Monday, September 26, 2011

Dead-End Road, Salem

Dead-End Road, Salem
Oil on canvas, 10x10, $100
sold

I was as lost as a person can be, 15 miles from where they live. I don't think I could find this place on a map today, but that's OK. That was the point, really.

It was getting on toward dusk, and rain was threatening when I found this little autumn lane and pulled over to paint. I doused myself with bug spray, but as evening drew closer, the mosquitoes thickened.

About an hour after I'd started painting, a big official-looking truck turned down the little road and pulled up beside me. The official-looking guys inside dropped their serious expressions when they saw me and started smiling.

They were state conservation cops, out to find people poaching deer and hunting without licenses and otherwise marauding in the wilderness. But they turned to me and said... "You know, you're supposed to have a permit for that!"

"I knew it!" I said, "I knew the art police would track me down sooner or later!"

At any rate, they were happy to see someone out innocently enjoying the woods, and we talked about painting, and Salem, and their jobs and mine, and then they turned their giant truck around and headed out.

Not 10 minutes later, the mosquitoes got so bad, I had to pick up and leave. I am still scratching today.


6 comments:

Anamusingmusing said...

Carrie, you are just rolling them right out! Beautiful, yet again!

carrie jacobson said...

Thanks, Karen! For more than a year, I made a painting every day. I learned an incredible amount during that time, and while I'm not approaching that here, I am enjoying the chance to raise my productivity, and learn some new stuff. So glad you're on my blog!

Sandeep Palakkal said...

Nice to see how an artist captures the real world on the canvas; more nice to see how the picture is close to the real scene; even more nice to see how they are actually different! I liked the photo showing the picture in the real scence.

carrie jacobson said...

Thank you, Sandeep - I think it's fun, too - I don't always remember to take a photo of the painting in the scene, but when I do, it intrigues me, as well. I appreciate your comment and your insight.

Sandeep Palakkal said...

Yes, as you say it, intriguing! I'm not a painter, but I like seeing paintings, especially those capturing the nature and its beauty.
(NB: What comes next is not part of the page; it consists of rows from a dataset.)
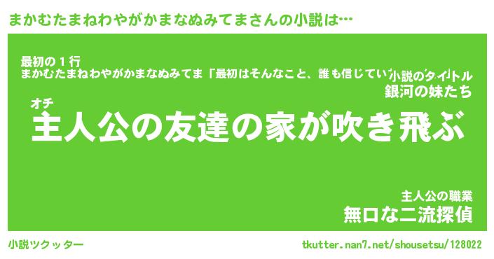 | 男性向けラノベタイトル風あだ名 | 『まかむたまねわやがかまなぬみてまの憂鬱』 |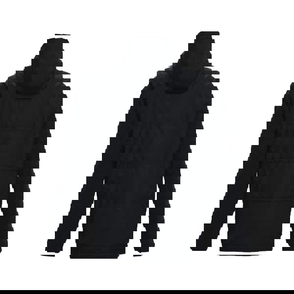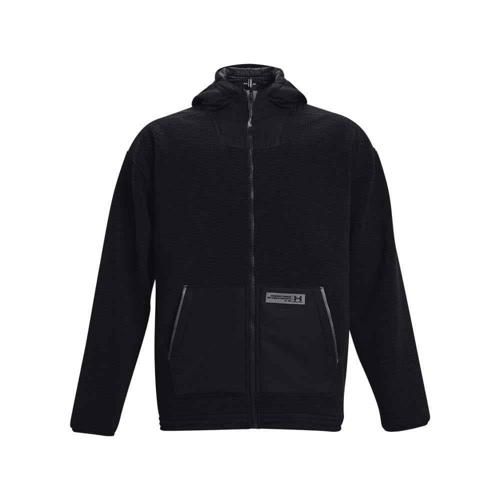 Under Armour Mission insulated jacket in black with a textured woven bouclé shell and soft-touch finish. The hooded neckline and long sleeves create a practical outer layer, while the loose fit allows easy movement and room for layering. Synthetic insulation is specified at 80gsm, and the fabric technology is listed as durable, insulating and water resistant.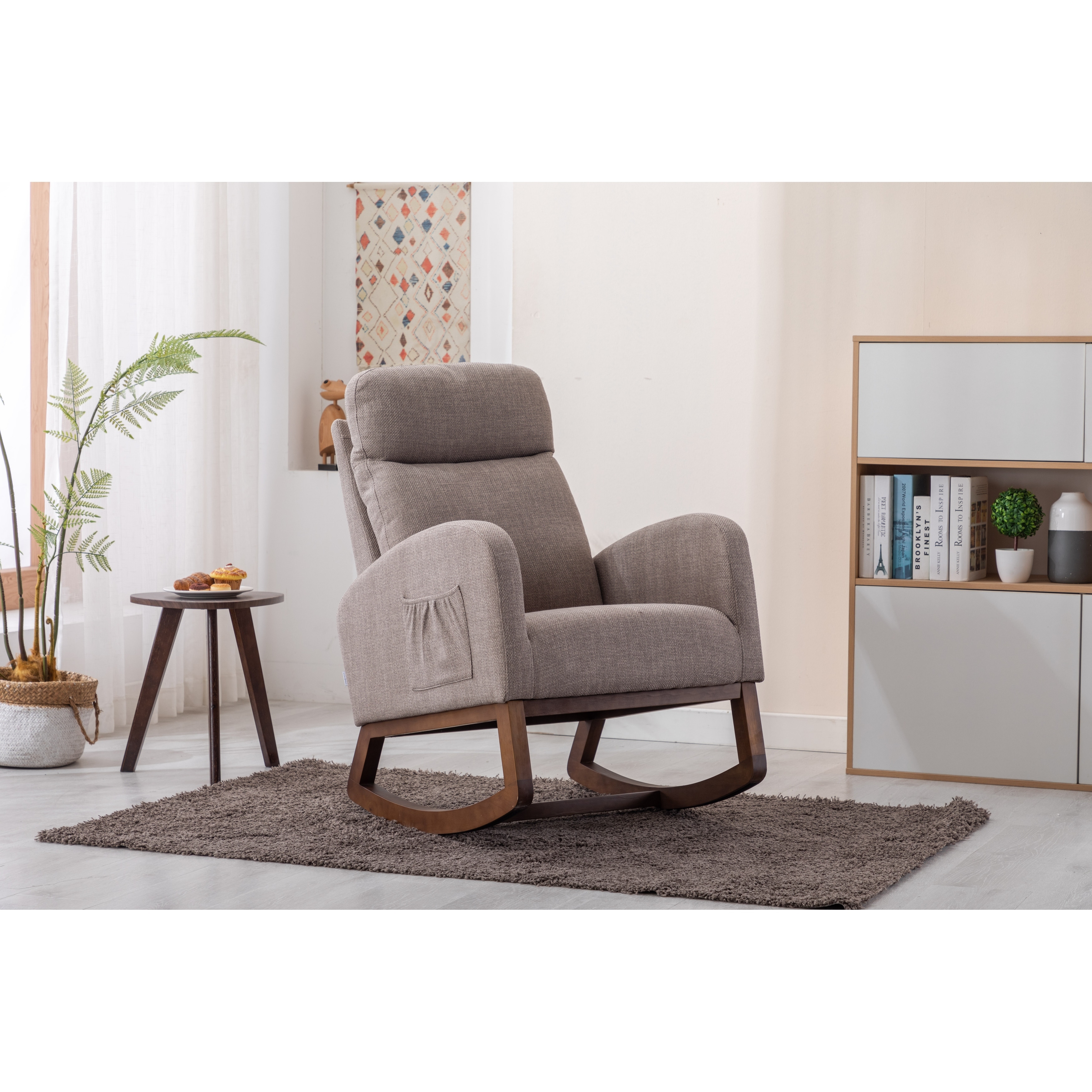 Velvet Fabric Padded Seat Rocking Chair With High Backrest And Armrests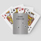 Fun deck of standard playing cards, with graphics of a brushed aluminum look, with three bullet holes. Gray text, at the top, is ready to personalize for your man cave, or as a great gift idea.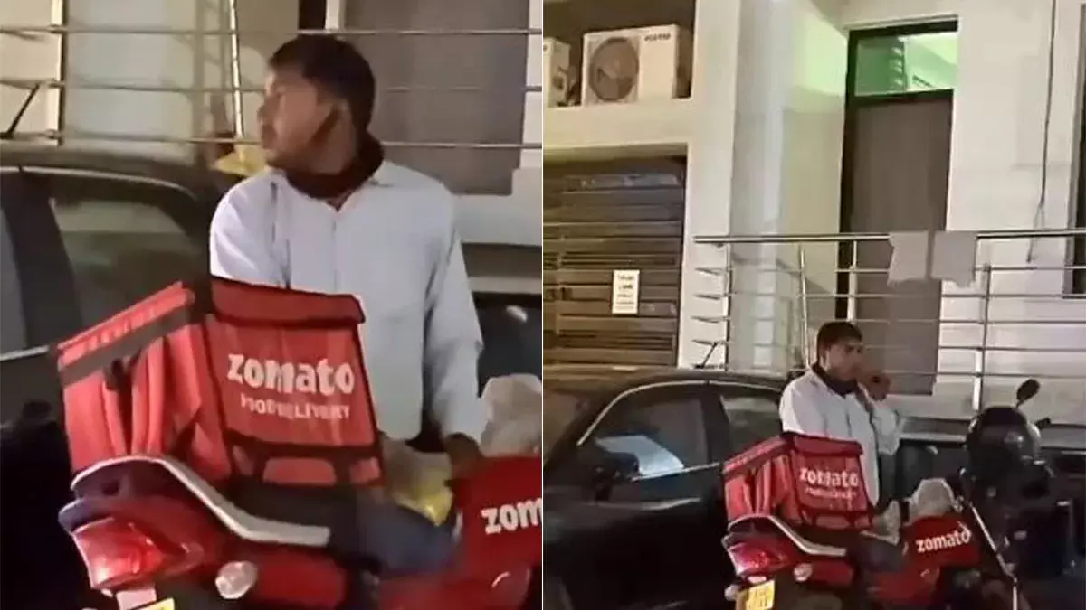 ഉപഭോക്താവിന് ഭക്ഷണം എത്തിച്ചശേഷം കൊണ്ടുവന്ന ഭക്ഷണം നിന്നുകൊണ്ട് കഴിച്ചു തീര്ക്കുകയാണ് സൊമാറ്റോയുടെ ഡെലിവറി ബോയ്

When I look in those painting, I feel they depict some kind of fantasy world. And I have fantasized many times roaming around in those paintings. But it is in your blog that I've really seen the real world and the picture together. It's really contrasting. Given that the fantasy world is another dimension of my mind, to contrast the painting with the actual scene is to contrast my fantasy with the (so called) real world. Obviously, I get disturbed when my fantasy is taken away from me. It is this disturbance that, perhaps, I am getting by looking into that photo containing the painting.

You had started painting in a time of crisis. Thus painting is a way to release yourself from your reality (of crisis, etc). The photo contrasts your exit-from-reality (i.e., your painting) with the real world (i.e., the actual scene)... interesting! Have you thought of it this way?

carrie jacobson said...

Hi, Sandeep - I had not thought of the picture vs. reality idea as you have described it, and it is a fascinating way to look at it. Thank you!

I am so glad that the paintings and the blog take you somewhere, give you an experience. That's what I'm hoping they do for people, and so it means a great deal to me that you've told me that, and described it so beautifully.